## Task statement
Everything in the listing below except the pictures should be reproduced exactly.

## Recorded data
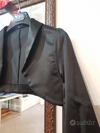 Giacchino corto / scaldacuore nero effetto lucido di Rinascimento. Il colore è bello intenso e ha le maniche a 3/4.
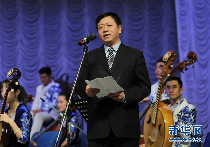 2017年“欢乐春节”暨中国哈萨克斯坦建交25周年音乐会10日晚在哈首都阿斯塔纳举行。图为中国驻哈萨克斯坦大使张汉晖在音乐会上致辞。新华网发(奥斯帕诺夫摄)
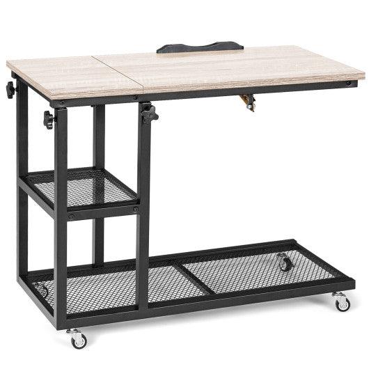 Its construction is made of sturdy steel that greatly improves overall weight capacity up to 88 lbs. The desktop is made of premium material with unique textures and can be adjusted from 6.5° to 32.5°. The bottom 2-tier shelf is made of metal and provides you with great weight capacity. Plus the overall height is adjustable between 25" and 37.5" which helps you find a comfortable height and work healthier. It is worth mentioning that the bedside table is design to be C-shaped. In this way it can better fit the bed and make working in bed come true. The table is also equipped with four 360° swivel wheels including two lockable casters which makes movement more effortless.
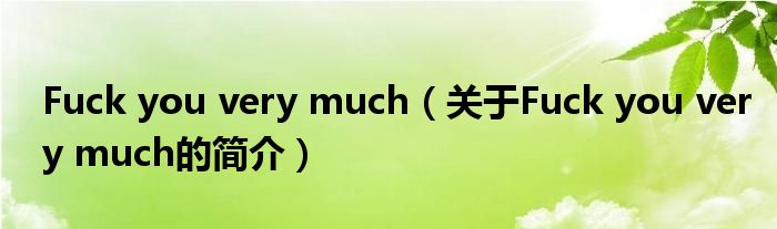 本文關于Fuck you very much的簡介就講解完畢,希望對大家有所幫助。

## Task solution
 Giacchino corto / scaldacuore nero effetto lucido di Rinascimento. Il colore è bello intenso e ha le maniche a 3/4.
 2017年“欢乐春节”暨中国哈萨克斯坦建交25周年音乐会10日晚在哈首都阿斯塔纳举行。图为中国驻哈萨克斯坦大使张汉晖在音乐会上致辞。新华网发(奥斯帕诺夫摄)
 Its construction is made of sturdy steel that greatly improves overall weight capacity up to 88 lbs. The desktop is made of premium material with unique textures and can be adjusted from 6.5° to 32.5°. The bottom 2-tier shelf is made of metal and provides you with great weight capacity. Plus the overall height is adjustable between 25" and 37.5" which helps you find a comfortable height and work healthier. It is worth mentioning that the bedside table is design to be C-shaped. In this way it can better fit the bed and make working in bed come true. The table is also equipped with four 360° swivel wheels including two lockable casters which makes movement more effortless.
 本文關于Fuck you very much的簡介就講解完畢,希望對大家有所幫助。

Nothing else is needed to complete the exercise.